=== Directions ===
Transcribe all of the data exactly. Omit the pictures.

=== Dataset extract ===
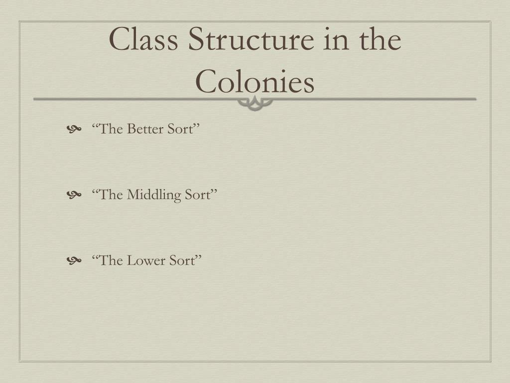Class Structure in the Colonies • “The Better Sort” • “The Middling Sort” • “The Lower Sort”
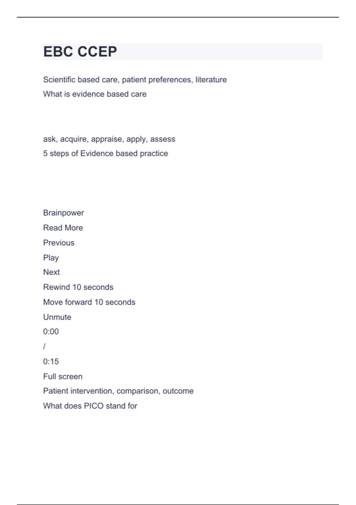 EBC CCEP Question and answers already passed 2023/2024Scientific based care, patient preferences, literature What is evidence based care ask, acquire, appraise, apply, assess 5 steps of Evidence based practice Brainpower
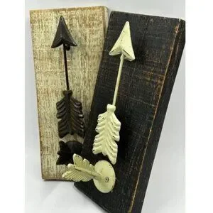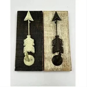 Wooden Arrow Sign Brown Rustic Coat Wood Plaque Hooks Hang Keys Wall Art Decor
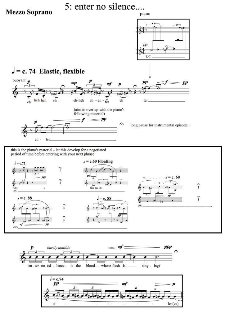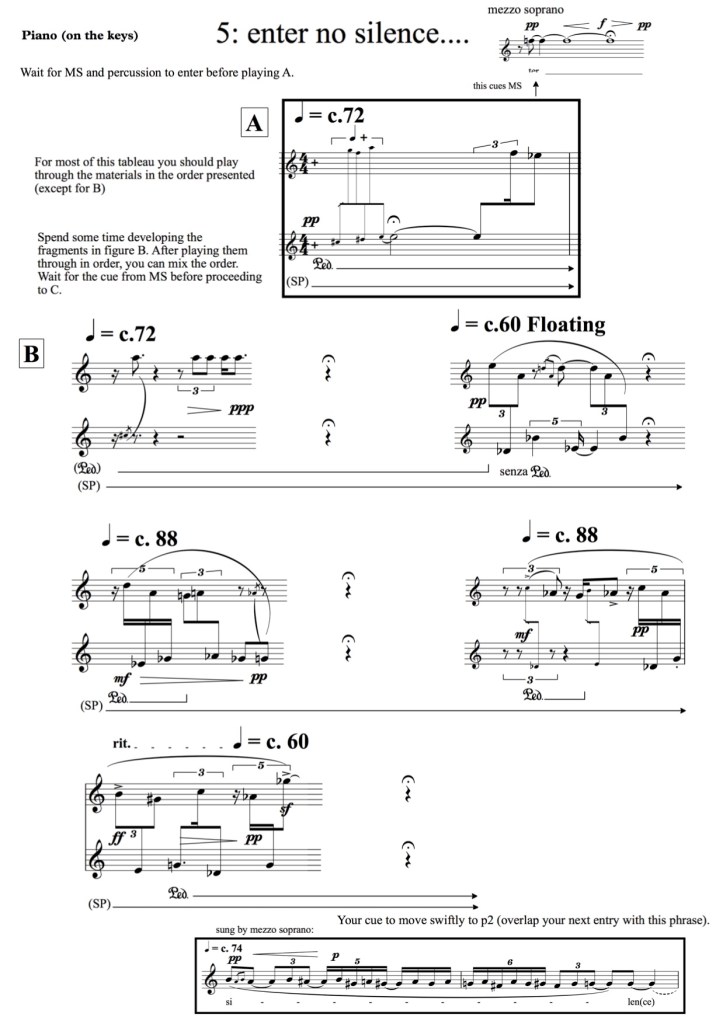 For the purposes of explaining my concept of socially-mediated composition process, I will focus on tableau 5 (“enter no silence”). In the recording of this piece, this section commences at 12’51”. In contrast to the first and last tableaux where only a minimal amount of notated material is presented, here in V: “enter no silence”, everything is fully written out, but decisions about precise alignment between the three players’ parts was left open until we met to workshop material.
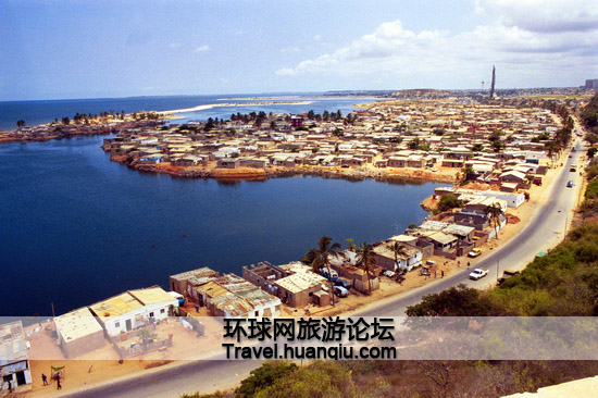 贫富差距大,地少人口多,使得罗安达出现了一个奇特的现象:富人区和贫民窟相依而建。同一个山头,这边是高墙阔院的豪宅,旁边可能就是用铁皮焊起来的穷人住家。富人宅院里绿草茵茵,而从穷人家门前一直到山脚则堆满了各种生活垃圾。 |

=== Output ===
Class Structure in the Colonies • “The Better Sort” • “The Middling Sort” • “The Lower Sort”
 EBC CCEP Question and answers already passed 2023/2024Scientific based care, patient preferences, literature What is evidence based care ask, acquire, appraise, apply, assess 5 steps of Evidence based practice Brainpower
 Wooden Arrow Sign Brown Rustic Coat Wood Plaque Hooks Hang Keys Wall Art Decor
 For the purposes of explaining my concept of socially-mediated composition process, I will focus on tableau 5 (“enter no silence”). In the recording of this piece, this section commences at 12’51”. In contrast to the first and last tableaux where only a minimal amount of notated material is presented, here in V: “enter no silence”, everything is fully written out, but decisions about precise alignment between the three players’ parts was left open until we met to workshop material.
 贫富差距大,地少人口多,使得罗安达出现了一个奇特的现象:富人区和贫民窟相依而建。同一个山头,这边是高墙阔院的豪宅,旁边可能就是用铁皮焊起来的穷人住家。富人宅院里绿草茵茵,而从穷人家门前一直到山脚则堆满了各种生活垃圾。 |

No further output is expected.